Contents

Python OpenCV CAPTCHA Recognition in Action

The recognition principles and processes I have learned from the CAPTCHA recognition are really valuable.


Background

My current company has a good learning and sharing atmosphere,sometimes holds various geek competitions, this one is about CAPTCHA recognition.

Processes

At first, I was thinking of finding some existing codes from GitHub and just modifying some parameters. Then I tried some programs that seemed to be able to train and recognize without any feature engineering, but the actual results were terrible.

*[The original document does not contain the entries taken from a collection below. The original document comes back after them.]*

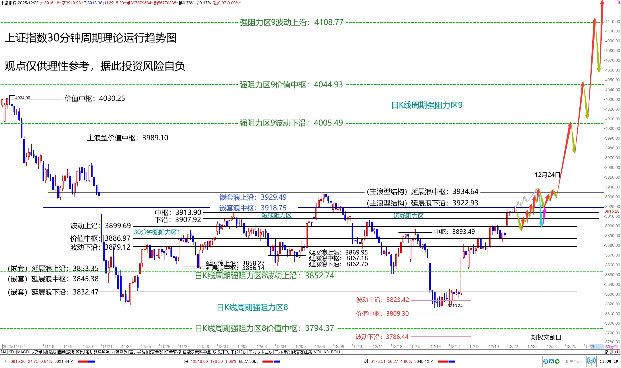 观察一下,沪指接下来是否会发展成为“紫青箭头”部分所示的走势!
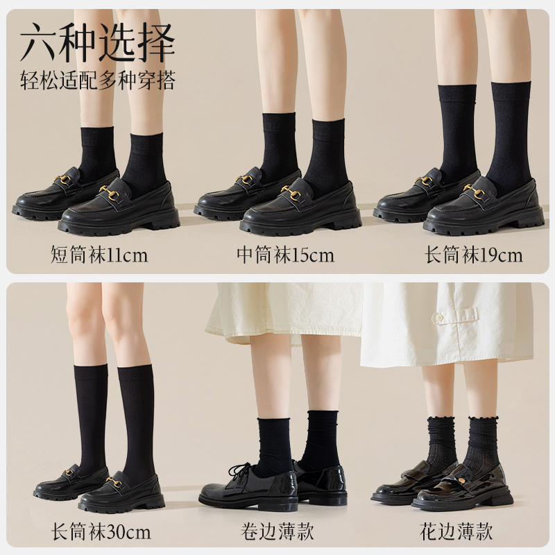 JKN压力小腿袜女春秋强压显瘦腿jk袜子黑色过膝高筒半中筒长筒袜
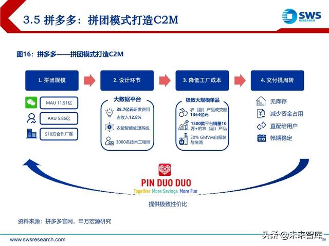 ? 拼多多:通過(guò)“新品牌計(jì)劃”+“多多農(nóng)園”,打造上千家C2M工廠(chǎng)和下沉農(nóng)作 物基地,幫助工廠(chǎng)實(shí)現(xiàn)品牌化和推動(dòng)農(nóng)產(chǎn)品供應(yīng)鏈的數(shù)字化改造,采用強(qiáng)大的拼 團(tuán)基因?yàn)镃端消費(fèi)者提供極致性?xún)r(jià)比。
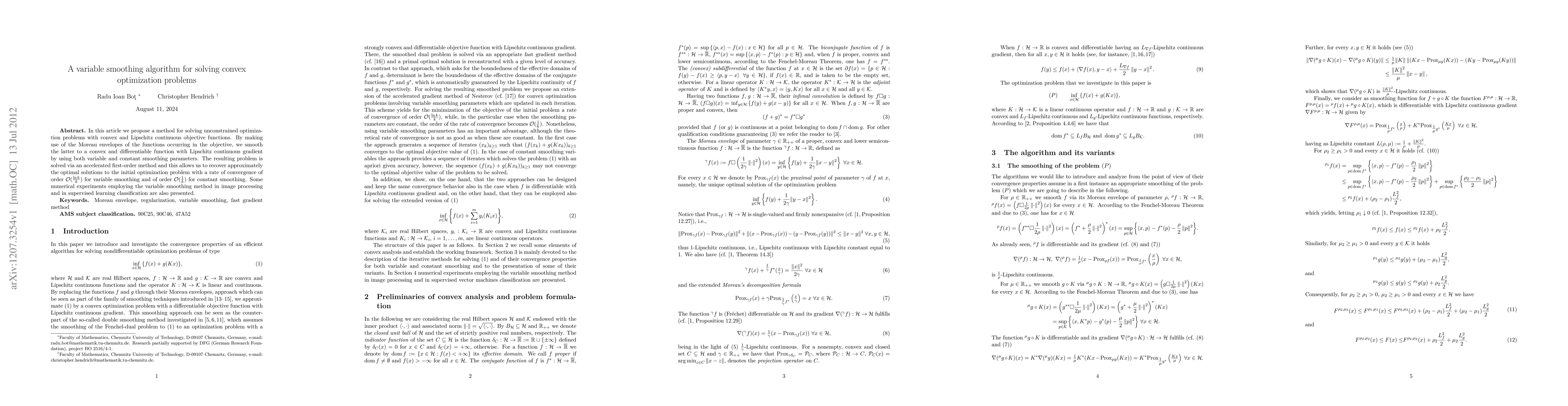 This paper proposes a variable smoothing algorithm for solving convex optimization problems by smoothing objective functions using Moreau envelopes, and solves it via an accelerated first-order method. The method achieves convergence rates of $\O(\tfrac{\ln k}{k})$ for variable smoothing and $\O(\tfrac{1}{k})$ for constant smoothing, demonstrated through applications in image processing and classification.

During the competition, colleagues kept showing their stage results in the group, and they all did feature engineering. So I also searched the articles in this area and finally completed it successfully with a recognition rate of over 99%.

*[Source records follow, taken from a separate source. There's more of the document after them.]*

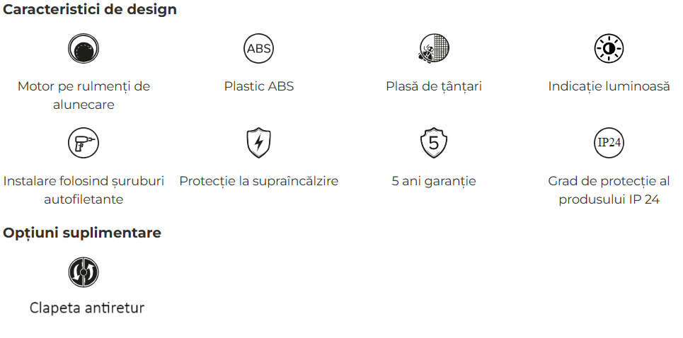 - Caracteristici constructive: garantie 5 ani, plastic ABS, montaj cu suruburi autofiletante, indicator luminos, plasa anti-insecte, motor pe bucsa, protectie la supraincalzire, grad de protectie IP24
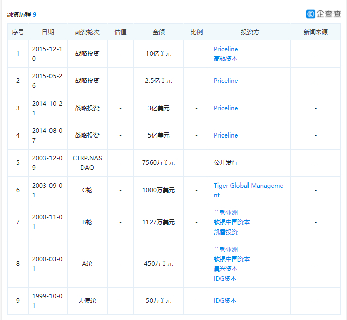 携程融资历程
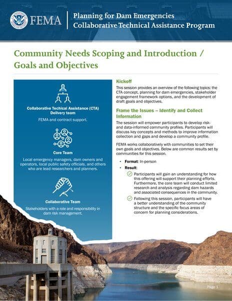 The resource provides an overview of planning for dam emergencies as part of the Collaborative Technical Assistance Program. It covers topics such as the CTA concept, stakeholder engagement, development of draft goals and objectives, risk and data-informed community profiles, and collaborative efforts between FEMA, communities, and stakeholders to improve dam emergency planning and preparedness.
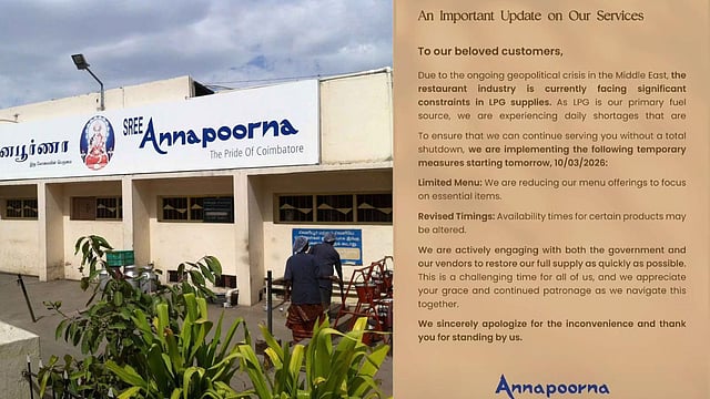 CHENNAI: The renowned Annapoorna restaurant chain in Coimbatore has placed notices at its branches announcing that it will temporarily limit its menu due to a lack of commercial LPG cylinders.
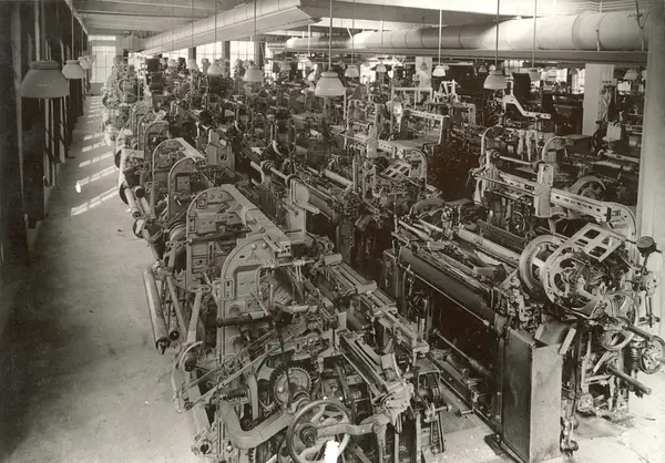 Produksjonslokale ved A/S Joh. Petersens Linvarefabrik. Veveriet. 2. etasje.
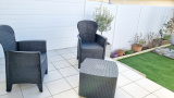 Elle se compose d'une entrée avec wc , d'une cuisine équipée sur la pièce principale avec la porte fenetre donnant accès à la terrasse et jardinet.
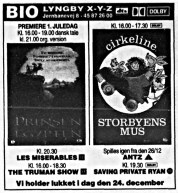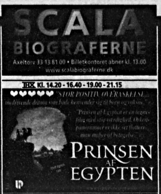 "Prinsen af Egypten" havde premiere 1. juledag 1998 i både en dansk og engelsk version - begge udgaver med DTS digitallyd. Filmen blev en stor succes - især den danske udgave. Filmen indspillede mere i Bio end i Scala Biograferne i København.
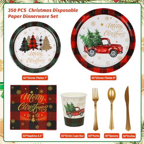 350 PCS Dinnerware Set - The package includes everything you need to accommodate 50 guests. The set comprises 50 pcs 9 inches dinner plates, 50 pcs 7 inches dessert plates, 50 pcs 9 oz cups, 50 pcs napkins, 50 pcs knives, 50 pcs forks and 50 pcs spoons. The ample quantity can satisfy your requirement for Christmas parties.
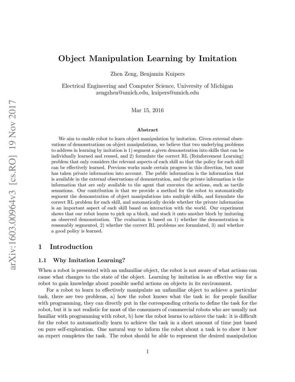 We aim to enable robot to learn object manipulation by imitation. Given external observations of demonstrations on object manipulations, we believe that two underlying problems to address in learning by imitation is 1) segment a given demonstration into skills that can be individually learned and reused, and 2) formulate the correct RL (Reinforcement Learning) problem that only considers the relevant aspects of each skill so that the policy for each skill can be effectively learned. Previous works made certain progress in this direction, but none has taken private information into account. The public information is the information that is available in the external observations of demonstration, and the private information is the information that are only available to the agent that executes the actions, such as tactile sensations. Our contribution is that we provide a method for the robot to automatically segment the demonstration of object manipulations into multiple skills, and formulate the correct RL problem for each skill, and automatically decide whether the private information is an important aspect of each skill based on interaction with the world. Our experiment shows that our robot learns to pick up a block, and stack it onto another block by imitating an observed demonstration. The evaluation is based on 1) whether the demonstration is reasonably segmented, 2) whether the correct RL problems are formulated, 3) and whether a good policy is learned.
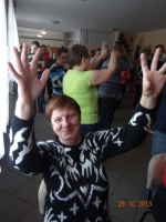 W piątek 25.10. pojechałem z Marcinem, Łukaszem G., Michałem, Agnieszką i Kasią Ś. do Domu Samopomocy „Tęcza” Stowarzyszenie „MAKI” na zabawę z okazji HALLOWEN. Sala była przyozdobiona dyniami, nietoperzami i pająkami.
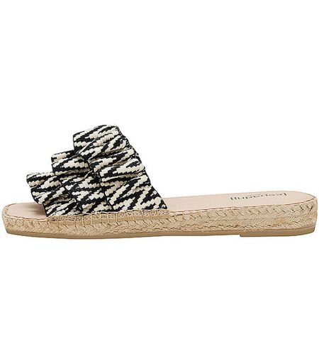 Damen Pantolette aus Textil mit charakteristischer Jute-Sohle Volants sorgen für einen verspielten und romantischen Look zweifarbiger Print Maximaler Tragekomfort durch super weiches und atmungsaktives Fußbett Typische Espadrij Jute Sohle Designed in Deutschland Hergestellt in Spanien Farbbezeichnung: Noir Material: Obermaterial: Textil Decksohle: Mikrofaser Sohle: Typische Espadrij Jute mit wasserabweisendem Naturkautschuk ...
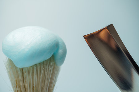 Shaving brush with light blue foam and metal razor blade ready for skincare routine
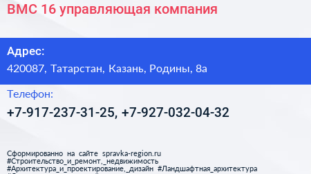 ВМС-16, управляющая компания по адресу 420087, Татарстан, Казань, Родины, 8а в дальнейшем Организация, размещена в следующих категориях:
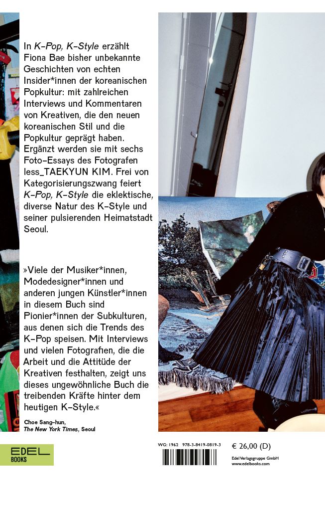 Autorin Fiona Bae erzählt anhand der Geschichten von 15 Persönlichkeiten, die den K-Style in den verschiedensten kreativen Bereichen prägen, was diese Bewegung ausmacht und warum sie sich nur in Seoul zu ihrer vollen Blüte entfalten konnte. Mit Einblicken in das Leben von Lia Kim vom Tanzstudio 1 Million, K-Pop-Stylisten Youngjin Kim und Drag Pioneer Nana Youngrong Kim u. v. a.

The main processes are as follows.

  • 1.Collect samples

    Only 100 sample CAPTCHAs were provided to all participants in this CAPTCHA recognition contest.

  • 2.Feature engineering

    Using the OpenCV library to analyze the CAPTCHA samples, remove the noise such as various random lines, and highlight the characters in the CAPTCHA such as 5UFQ.

  • 3.Manual labeling

    Manually recognize and rename each original CAPTCHA as its characters such as 5UFQ.jpg, then cut the CAPTCHAs into individual character images after feature engineering and saved as: 5UFQ_5.jpg, 5UFQ_U.jpg, 5UFQ_F.jpg, 5UFQ_Q.jpg.

  • 4.Train the model

    Use the above images with single characters as training set, and the characters of each image as labels, build a mapping table of images to labels.

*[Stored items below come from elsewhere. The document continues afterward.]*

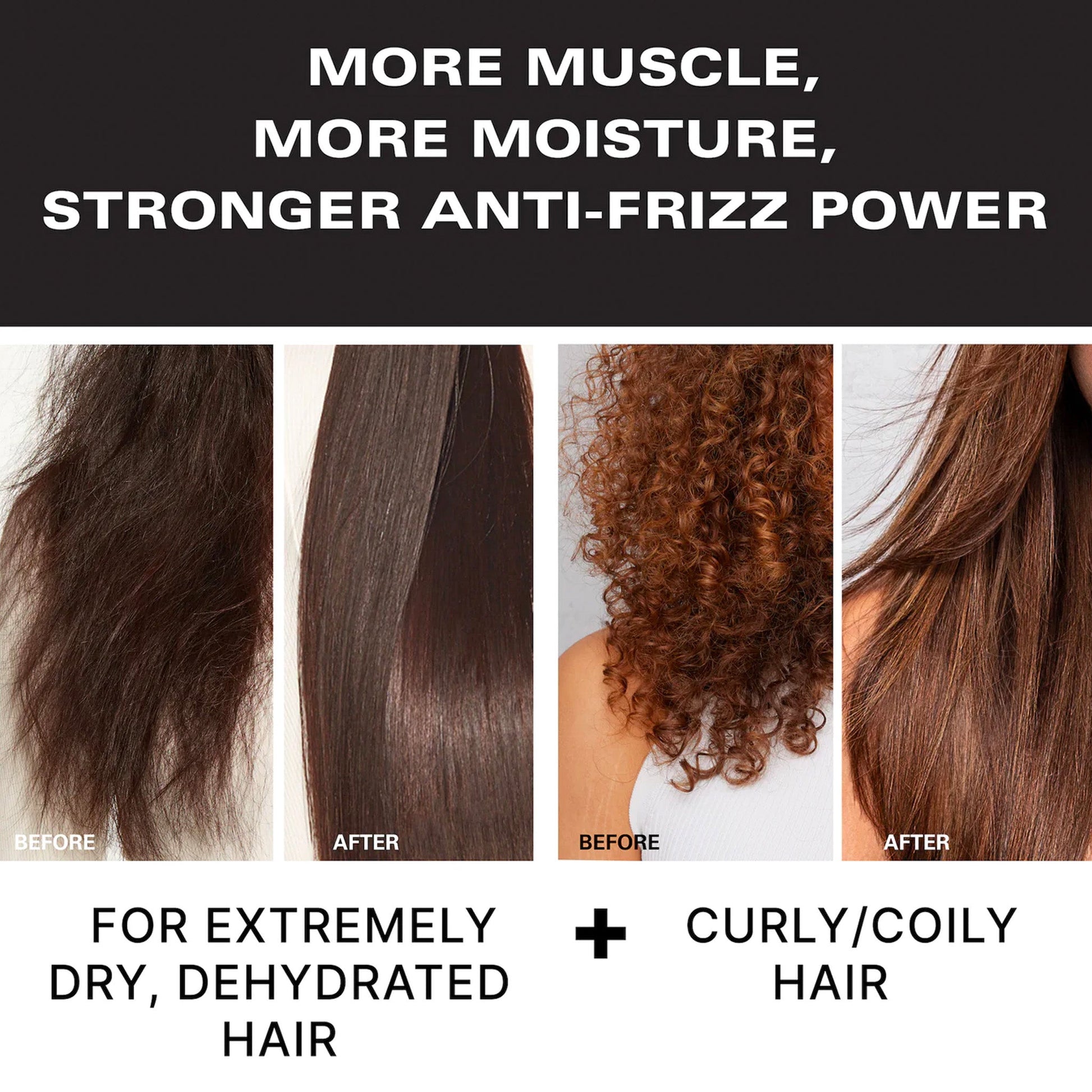 Powerful, ultra-moisturising, anti-frizz treatment keeps dry/dehydrated hair and coily/curly hair glassy-smooth, straight and frizz-resistant through 3-4 shampoos. Ground-breaking, extra-powerful, anti-frizz technology that fills dry, porous, frizz-prone hair with internal moisture, which negates this hair type's natural urge to pull in atmospheric moisture (humidity) that makes hair puff and swell.
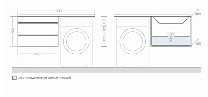 Тумба под раковину над стиральной машиной подвесная Марс 68 (под ум. Лидер 1300). Корпус изделия выполнен из влагостойкого ЛДСП, фасад из МДФ. Фасадные и боковые стенки мебели окрашены высокоглянцевой эмалью. В тумбе есть доступ к подключению коммуникаций. Тумбу можно устанавливать как под левую, так и под правую раковину.
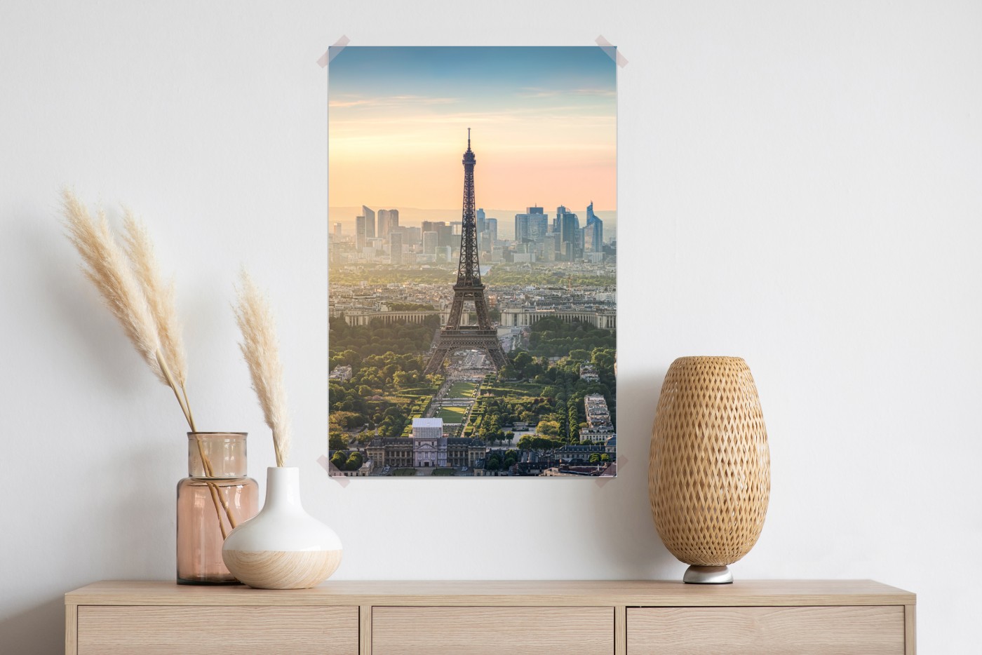 Poster Paris stadtbild bei sonnenuntergang mit dem Eiffelturm

    Perform the OpenCV’s built-in KNN similarity model for Machine learning, to train a model that can recognize similar CAPTCHAs.

  • 5.Recognition

    Use some original CAPTCHAs samples as the test dataset, remove the noise by feature engineering, then use the trained model to recognize them and save the results in a CSV file.

Details

1. Collect samples

To prevent people from using the existing codes on the Internet and counting the results out by violence, only 100 image samples were provided to all participants.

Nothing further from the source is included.